To compare the results of uniform hemisphere sampling and importance sampling, we rendered the same scene using both methods. The images below illustrate the difference in noise levels and convergence speed.

CBBunny Hemisphere Sampling
CBBunny Importance Sampling

CBspheres Hemisphere Sampling
CBspheres Importance Sampling

The following image sequence demonstrates how increasing light ray count (-l flag) progressively reduces noise in soft shadow regions. Higher light ray counts produce smoother, more natural-looking shadows with less noise, while lower counts result in speckled, grainy shadow boundaries. This occurs because soft shadows are created by area lights, and more light samples better capture the partial occlusion effects across the light’s spatial extent, reducing Monte Carlo variance.

CBspheres 1 Light Ray
CBspheres 4 Light Rays
CBspheres 16 Light Rays
CBspheres 64 Light Rays

Analysis: Hemisphere Sampling vs. Importance Sampling

The comparison between uniform hemisphere sampling and importance sampling reveals significant differences in both image quality and computational efficiency. Hemisphere sampling produces noticeably noisier images, particularly in shadow regions and areas with indirect lighting, due to the many wasted samples that don’t contribute to illumination when random directions fail to hit light sources. In contrast, importance sampling generates much cleaner images with smoother gradients and more accurate shadow boundaries by directly sampling light sources, ensuring that every sample contributes meaningful illumination information. The noise reduction is especially pronounced in soft shadow regions where hemisphere sampling struggles with variance, while importance sampling’s direct light-to-surface sampling provides consistent, low-variance estimates. Additionally, importance sampling enables rendering of point light sources, which hemisphere sampling cannot handle effectively since the probability of randomly hitting a zero-area point light is negligible. Overall, importance sampling achieves superior image quality with fewer samples, demonstrating the critical role of variance reduction techniques in Monte Carlo rendering and making it the preferred method for direct illumination in production ray tracers.

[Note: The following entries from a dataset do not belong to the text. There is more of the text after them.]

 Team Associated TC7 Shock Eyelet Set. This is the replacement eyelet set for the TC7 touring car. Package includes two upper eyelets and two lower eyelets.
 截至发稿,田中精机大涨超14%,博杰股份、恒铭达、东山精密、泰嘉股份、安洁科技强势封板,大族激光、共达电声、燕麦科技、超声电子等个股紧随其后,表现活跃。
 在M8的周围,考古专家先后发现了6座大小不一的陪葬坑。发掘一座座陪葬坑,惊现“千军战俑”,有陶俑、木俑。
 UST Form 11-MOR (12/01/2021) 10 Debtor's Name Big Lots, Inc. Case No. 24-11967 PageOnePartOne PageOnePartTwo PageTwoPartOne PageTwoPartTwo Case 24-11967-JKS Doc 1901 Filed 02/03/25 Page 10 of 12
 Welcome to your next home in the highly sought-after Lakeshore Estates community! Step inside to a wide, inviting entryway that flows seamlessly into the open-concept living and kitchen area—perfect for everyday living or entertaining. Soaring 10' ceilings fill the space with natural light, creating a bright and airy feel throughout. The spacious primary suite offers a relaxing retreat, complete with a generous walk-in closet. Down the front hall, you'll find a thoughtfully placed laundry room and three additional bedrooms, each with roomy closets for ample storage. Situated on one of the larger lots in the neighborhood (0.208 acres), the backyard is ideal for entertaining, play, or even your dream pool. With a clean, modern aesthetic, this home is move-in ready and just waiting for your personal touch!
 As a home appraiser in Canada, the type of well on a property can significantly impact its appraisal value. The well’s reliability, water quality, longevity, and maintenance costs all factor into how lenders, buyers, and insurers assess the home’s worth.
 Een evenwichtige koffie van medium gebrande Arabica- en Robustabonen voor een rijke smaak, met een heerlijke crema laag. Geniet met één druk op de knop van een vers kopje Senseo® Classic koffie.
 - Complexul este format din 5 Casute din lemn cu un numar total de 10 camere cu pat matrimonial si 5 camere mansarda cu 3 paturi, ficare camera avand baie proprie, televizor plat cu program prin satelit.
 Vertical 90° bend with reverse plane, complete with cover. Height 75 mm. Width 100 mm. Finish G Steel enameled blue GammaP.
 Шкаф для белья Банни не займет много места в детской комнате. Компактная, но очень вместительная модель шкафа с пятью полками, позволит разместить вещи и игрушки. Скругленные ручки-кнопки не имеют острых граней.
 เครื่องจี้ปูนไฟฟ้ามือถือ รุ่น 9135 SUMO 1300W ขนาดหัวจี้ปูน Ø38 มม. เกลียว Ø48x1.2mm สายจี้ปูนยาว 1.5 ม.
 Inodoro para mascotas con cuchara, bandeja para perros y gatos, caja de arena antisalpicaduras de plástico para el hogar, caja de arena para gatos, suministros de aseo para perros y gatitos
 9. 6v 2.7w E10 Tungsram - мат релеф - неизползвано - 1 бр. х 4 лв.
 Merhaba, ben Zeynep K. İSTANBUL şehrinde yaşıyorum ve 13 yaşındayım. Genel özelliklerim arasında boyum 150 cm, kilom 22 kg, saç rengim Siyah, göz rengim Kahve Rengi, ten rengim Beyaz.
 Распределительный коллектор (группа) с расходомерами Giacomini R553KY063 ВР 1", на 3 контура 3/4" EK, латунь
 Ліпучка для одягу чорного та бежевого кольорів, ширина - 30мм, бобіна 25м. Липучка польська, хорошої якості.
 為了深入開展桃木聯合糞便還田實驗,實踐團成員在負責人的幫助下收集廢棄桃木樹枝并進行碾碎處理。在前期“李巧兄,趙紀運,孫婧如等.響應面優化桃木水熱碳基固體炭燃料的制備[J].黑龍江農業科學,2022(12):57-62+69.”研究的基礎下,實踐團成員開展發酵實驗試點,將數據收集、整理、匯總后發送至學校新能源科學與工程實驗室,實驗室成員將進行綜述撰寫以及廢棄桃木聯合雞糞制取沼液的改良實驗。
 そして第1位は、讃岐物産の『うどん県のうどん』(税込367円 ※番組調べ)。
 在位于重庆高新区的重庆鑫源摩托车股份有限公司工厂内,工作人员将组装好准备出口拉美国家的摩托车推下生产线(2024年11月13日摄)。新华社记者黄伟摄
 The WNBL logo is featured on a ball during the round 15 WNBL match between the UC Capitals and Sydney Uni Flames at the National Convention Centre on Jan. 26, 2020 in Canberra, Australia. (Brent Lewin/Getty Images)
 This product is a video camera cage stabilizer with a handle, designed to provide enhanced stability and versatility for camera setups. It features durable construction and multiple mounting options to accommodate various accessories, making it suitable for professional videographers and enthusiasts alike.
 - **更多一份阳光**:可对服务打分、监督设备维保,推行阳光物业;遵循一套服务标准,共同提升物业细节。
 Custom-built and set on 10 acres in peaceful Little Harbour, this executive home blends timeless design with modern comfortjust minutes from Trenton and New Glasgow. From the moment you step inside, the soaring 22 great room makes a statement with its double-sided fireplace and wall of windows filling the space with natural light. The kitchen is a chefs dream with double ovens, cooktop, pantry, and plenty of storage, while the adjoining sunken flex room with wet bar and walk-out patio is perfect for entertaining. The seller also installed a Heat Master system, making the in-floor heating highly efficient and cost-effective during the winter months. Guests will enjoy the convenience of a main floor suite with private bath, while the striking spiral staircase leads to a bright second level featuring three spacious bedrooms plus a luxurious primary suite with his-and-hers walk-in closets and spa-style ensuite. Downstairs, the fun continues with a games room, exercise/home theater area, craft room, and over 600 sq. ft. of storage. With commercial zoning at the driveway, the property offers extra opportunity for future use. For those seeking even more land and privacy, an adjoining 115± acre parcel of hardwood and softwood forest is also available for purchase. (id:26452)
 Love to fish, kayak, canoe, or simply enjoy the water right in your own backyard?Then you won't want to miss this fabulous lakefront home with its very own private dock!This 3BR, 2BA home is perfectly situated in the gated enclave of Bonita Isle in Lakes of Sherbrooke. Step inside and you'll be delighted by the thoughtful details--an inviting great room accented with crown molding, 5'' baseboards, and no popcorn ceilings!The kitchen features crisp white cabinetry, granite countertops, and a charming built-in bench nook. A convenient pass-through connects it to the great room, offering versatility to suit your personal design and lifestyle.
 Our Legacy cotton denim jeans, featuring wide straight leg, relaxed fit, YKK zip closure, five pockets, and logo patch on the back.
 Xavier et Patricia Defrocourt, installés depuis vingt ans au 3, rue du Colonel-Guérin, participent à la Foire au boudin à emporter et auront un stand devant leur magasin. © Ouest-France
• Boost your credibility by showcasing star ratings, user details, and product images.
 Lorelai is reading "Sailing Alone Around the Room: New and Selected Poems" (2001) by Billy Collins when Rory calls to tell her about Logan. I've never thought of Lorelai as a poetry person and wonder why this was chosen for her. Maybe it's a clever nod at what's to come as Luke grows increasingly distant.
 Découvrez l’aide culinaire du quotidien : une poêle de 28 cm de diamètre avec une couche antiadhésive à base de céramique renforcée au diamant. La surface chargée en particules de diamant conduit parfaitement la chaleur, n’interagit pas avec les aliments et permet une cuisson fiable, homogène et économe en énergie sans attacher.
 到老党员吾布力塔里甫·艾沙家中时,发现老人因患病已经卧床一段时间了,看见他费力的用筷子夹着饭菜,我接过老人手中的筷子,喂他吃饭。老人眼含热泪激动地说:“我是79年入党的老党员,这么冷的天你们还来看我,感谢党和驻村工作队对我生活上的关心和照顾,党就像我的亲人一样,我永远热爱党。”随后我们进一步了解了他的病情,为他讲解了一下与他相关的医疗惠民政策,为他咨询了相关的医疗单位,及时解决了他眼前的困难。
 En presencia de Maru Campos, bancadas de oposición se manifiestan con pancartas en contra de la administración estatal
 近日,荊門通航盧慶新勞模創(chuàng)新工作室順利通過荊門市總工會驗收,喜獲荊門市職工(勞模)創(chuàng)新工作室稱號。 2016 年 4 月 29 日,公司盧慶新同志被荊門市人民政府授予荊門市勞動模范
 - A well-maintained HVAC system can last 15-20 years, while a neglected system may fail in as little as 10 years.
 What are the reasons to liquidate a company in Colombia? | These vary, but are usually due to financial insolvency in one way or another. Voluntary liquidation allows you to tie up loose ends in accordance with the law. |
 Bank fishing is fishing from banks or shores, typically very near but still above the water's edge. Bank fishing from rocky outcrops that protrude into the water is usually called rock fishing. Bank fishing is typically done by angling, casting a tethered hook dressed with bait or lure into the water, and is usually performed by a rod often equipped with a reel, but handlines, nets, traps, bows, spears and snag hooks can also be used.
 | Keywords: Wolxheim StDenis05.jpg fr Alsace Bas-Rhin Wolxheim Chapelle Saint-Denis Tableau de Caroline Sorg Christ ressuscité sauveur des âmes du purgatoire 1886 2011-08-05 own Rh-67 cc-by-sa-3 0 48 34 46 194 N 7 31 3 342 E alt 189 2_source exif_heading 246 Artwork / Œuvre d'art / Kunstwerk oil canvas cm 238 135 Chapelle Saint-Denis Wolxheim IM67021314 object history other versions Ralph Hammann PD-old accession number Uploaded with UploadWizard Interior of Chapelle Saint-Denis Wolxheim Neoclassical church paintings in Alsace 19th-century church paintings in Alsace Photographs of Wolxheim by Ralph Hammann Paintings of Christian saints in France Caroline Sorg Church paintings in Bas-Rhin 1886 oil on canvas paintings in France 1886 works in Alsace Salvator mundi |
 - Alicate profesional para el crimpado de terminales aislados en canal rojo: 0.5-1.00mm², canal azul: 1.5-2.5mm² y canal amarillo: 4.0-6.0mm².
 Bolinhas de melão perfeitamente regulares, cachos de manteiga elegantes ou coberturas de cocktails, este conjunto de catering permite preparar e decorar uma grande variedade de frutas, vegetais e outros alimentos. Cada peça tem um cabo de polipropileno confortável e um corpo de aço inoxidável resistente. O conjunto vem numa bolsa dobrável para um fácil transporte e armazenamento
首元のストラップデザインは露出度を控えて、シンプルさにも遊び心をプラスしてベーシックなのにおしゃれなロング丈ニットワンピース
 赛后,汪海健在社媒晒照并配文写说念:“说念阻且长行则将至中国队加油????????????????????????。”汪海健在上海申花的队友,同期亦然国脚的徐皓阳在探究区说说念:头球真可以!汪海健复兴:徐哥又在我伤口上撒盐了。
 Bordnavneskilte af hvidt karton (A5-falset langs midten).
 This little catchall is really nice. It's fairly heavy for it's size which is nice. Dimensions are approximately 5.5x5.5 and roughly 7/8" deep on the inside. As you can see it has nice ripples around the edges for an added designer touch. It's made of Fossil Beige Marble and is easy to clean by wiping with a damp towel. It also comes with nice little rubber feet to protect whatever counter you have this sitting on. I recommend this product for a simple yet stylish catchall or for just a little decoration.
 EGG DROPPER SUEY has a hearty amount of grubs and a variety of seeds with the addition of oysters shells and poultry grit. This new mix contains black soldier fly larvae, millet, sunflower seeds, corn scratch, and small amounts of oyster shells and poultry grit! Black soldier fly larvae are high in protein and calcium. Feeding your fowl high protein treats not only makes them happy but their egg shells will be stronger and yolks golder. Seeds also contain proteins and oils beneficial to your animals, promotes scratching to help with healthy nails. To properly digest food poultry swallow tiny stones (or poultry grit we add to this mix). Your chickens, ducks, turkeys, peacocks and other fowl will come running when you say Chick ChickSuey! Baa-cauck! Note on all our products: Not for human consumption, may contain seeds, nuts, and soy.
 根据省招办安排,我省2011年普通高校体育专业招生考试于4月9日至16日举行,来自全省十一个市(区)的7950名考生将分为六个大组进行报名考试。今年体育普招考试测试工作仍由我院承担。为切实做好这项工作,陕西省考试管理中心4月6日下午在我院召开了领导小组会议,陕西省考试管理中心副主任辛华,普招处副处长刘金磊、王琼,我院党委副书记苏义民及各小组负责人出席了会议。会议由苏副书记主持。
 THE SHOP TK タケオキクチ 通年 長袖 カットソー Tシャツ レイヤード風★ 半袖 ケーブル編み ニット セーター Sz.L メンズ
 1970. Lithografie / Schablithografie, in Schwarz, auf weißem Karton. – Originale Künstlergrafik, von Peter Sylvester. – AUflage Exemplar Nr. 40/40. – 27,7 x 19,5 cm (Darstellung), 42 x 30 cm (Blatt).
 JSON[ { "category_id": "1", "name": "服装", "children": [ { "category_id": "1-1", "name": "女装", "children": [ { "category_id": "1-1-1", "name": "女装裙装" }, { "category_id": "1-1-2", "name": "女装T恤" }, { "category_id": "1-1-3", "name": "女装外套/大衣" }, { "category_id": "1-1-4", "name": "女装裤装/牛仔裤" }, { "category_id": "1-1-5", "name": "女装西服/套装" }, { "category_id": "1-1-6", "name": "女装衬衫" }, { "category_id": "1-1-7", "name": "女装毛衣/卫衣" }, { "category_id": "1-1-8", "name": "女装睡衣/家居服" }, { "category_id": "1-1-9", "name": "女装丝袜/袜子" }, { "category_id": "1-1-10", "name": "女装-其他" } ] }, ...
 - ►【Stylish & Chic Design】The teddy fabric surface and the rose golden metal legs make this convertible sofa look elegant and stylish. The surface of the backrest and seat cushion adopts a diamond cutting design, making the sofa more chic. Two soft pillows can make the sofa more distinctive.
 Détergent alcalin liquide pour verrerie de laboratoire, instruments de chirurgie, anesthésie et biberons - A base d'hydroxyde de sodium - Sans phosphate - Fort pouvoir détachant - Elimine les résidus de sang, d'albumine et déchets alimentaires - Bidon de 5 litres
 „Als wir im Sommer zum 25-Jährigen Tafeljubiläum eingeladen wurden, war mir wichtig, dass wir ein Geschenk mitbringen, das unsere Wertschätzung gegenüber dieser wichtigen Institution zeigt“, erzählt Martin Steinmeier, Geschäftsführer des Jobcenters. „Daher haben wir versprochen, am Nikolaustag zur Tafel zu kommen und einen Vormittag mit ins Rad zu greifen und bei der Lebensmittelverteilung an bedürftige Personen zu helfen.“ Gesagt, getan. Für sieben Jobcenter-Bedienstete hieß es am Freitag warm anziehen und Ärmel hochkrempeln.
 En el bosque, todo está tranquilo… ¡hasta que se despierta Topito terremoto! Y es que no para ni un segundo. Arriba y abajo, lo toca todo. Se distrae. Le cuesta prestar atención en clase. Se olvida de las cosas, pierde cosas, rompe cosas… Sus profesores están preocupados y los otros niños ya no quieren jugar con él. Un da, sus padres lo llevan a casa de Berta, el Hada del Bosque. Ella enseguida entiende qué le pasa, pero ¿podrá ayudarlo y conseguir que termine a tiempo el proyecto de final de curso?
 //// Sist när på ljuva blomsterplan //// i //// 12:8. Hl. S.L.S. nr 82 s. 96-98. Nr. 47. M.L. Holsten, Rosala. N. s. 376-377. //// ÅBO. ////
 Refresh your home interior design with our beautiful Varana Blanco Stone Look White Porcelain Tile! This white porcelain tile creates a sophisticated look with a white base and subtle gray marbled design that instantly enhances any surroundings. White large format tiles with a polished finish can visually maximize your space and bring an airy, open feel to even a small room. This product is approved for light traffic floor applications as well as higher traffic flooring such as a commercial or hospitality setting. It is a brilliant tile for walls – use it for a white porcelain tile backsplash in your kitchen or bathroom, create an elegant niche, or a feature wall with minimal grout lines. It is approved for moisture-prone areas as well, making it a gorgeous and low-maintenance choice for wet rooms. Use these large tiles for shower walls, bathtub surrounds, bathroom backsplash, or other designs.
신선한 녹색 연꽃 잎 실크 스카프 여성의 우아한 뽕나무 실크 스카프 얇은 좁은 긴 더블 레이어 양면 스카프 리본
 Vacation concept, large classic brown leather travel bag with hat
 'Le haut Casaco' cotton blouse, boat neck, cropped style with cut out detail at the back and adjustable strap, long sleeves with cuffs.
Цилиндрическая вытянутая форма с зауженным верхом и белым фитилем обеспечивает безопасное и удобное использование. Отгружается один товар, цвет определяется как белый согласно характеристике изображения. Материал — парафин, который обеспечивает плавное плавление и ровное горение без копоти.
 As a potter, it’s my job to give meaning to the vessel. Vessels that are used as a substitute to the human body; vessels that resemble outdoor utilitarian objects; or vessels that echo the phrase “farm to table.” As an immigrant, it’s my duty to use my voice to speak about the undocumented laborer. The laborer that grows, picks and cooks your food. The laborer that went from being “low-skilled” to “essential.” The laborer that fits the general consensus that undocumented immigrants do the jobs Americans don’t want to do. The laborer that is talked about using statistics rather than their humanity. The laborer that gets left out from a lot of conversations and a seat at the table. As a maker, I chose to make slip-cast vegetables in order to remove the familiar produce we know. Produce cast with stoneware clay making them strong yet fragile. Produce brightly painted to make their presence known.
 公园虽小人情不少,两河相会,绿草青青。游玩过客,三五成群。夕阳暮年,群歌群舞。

Part 4: Global Illumination

Task 1: Sampling with Diffuse BSDF

sample_f() function:

Samples an outgoing direction $\omega_i$ using cosine-weighted hemisphere sampling
Returns the BSDF evaluation for the sampled direction
Updates the probability density function (PDF) for importance sampling

Task 2: Global Illumination with up to N Bounces of Light

The global illumination implementation extends direct lighting to include indirect lighting through multiple light bounces. This creates realistic color bleeding, soft shadows, and ambient lighting effects that make rendered images more visually convincing.

Implementation Overview

The core function at_least_one_bounce_radiance() implements recursive path tracing to calculate both direct and indirect illumination. The algorithm follows these key steps:

Direct Lighting Calculation: Always include one-bounce (direct) lighting from light sources
BSDF Sampling: Sample outgoing directions using the material’s BSDF for importance sampling
Recursive Ray Tracing: Cast secondary rays and recursively calculate lighting
Monte Carlo Integration: Apply the rendering equation with proper normalization

Rendering Equation Foundation

The rendering equation for global illumination is:

$L_o(p, \omega_o) = L_e(p, \omega_o) + \int_{\Omega} f_r(p, \omega_i, \omega_o) L_i(p, \omega_i) \cos\theta_i \, d\omega_i$

Where:

$L_o(p, \omega_o)$ is the outgoing radiance at point $p$ in direction $\omega_o$
$L_e(p, \omega_o)$ is the emitted radiance (handled by zero_bounce_radiance)
$f_r(p, \omega_i, \omega_o)$ is the BSDF value
$L_i(p, \omega_i)$ is the incoming radiance (calculated recursively)
$\cos\theta_i$ is the cosine of the angle between incident direction and surface normal

Detailed Algorithm Implementation

Accumulation Mode Handling:

The implementation supports two modes controlled by the isAccumBounces parameter:

Accumulation Mode (isAccumBounces = true):
- Accumulates all bounces from 1 to max_ray_depth
- Always includes direct lighting
- Recursively adds all indirect contributions
Specific Bounce Mode (isAccumBounces = false):
- Returns only the light from the max_ray_depth-th bounce
- Traces through intermediate bounces without accumulating them
- Used for analyzing individual bounce contributions

if (isAccumBounces) 
    L_out += one_bounce_radiance(r, isect);  // Always include direct lighting
else 
{
    int current_bounce = max_ray_depth - r.depth + 1;
    if (current_bounce == max_ray_depth) 
        L_out += one_bounce_radiance(r, isect);  // Only at target bounce
}

Indirect Lighting Calculation:

For each intersection point, the algorithm samples the BSDF to determine the next ray direction:

1
2
3

Vector3D w_in;
double pdf;
Vector3D bsdf_sample = isect.bsdf->sample_f(w_out, &w_in, &pdf);

The sample_f function uses cosine-weighted hemisphere sampling for diffuse materials, which provides importance sampling that naturally accounts for Lambert’s cosine law.

Ray Continuation:

1
2
3

Vector3D w_in_world = o2w * w_in;  // Transform to world coordinates
Ray new_ray(hit_p, w_in_world, r.depth - 1);  // Create secondary ray
new_ray.min_t = EPS_F;  // Avoid self-intersection

Recursive Integration:

The Monte Carlo estimator for the rendering equation becomes:

$L_o(p, \omega_o) \approx L_{direct} + \frac{f_r(p, \omega_i, \omega_o) \cos\theta_i L_i(p, \omega_i)}{p(\omega_i)}$

Where $p(\omega_i)$ is the probability density function from BSDF sampling.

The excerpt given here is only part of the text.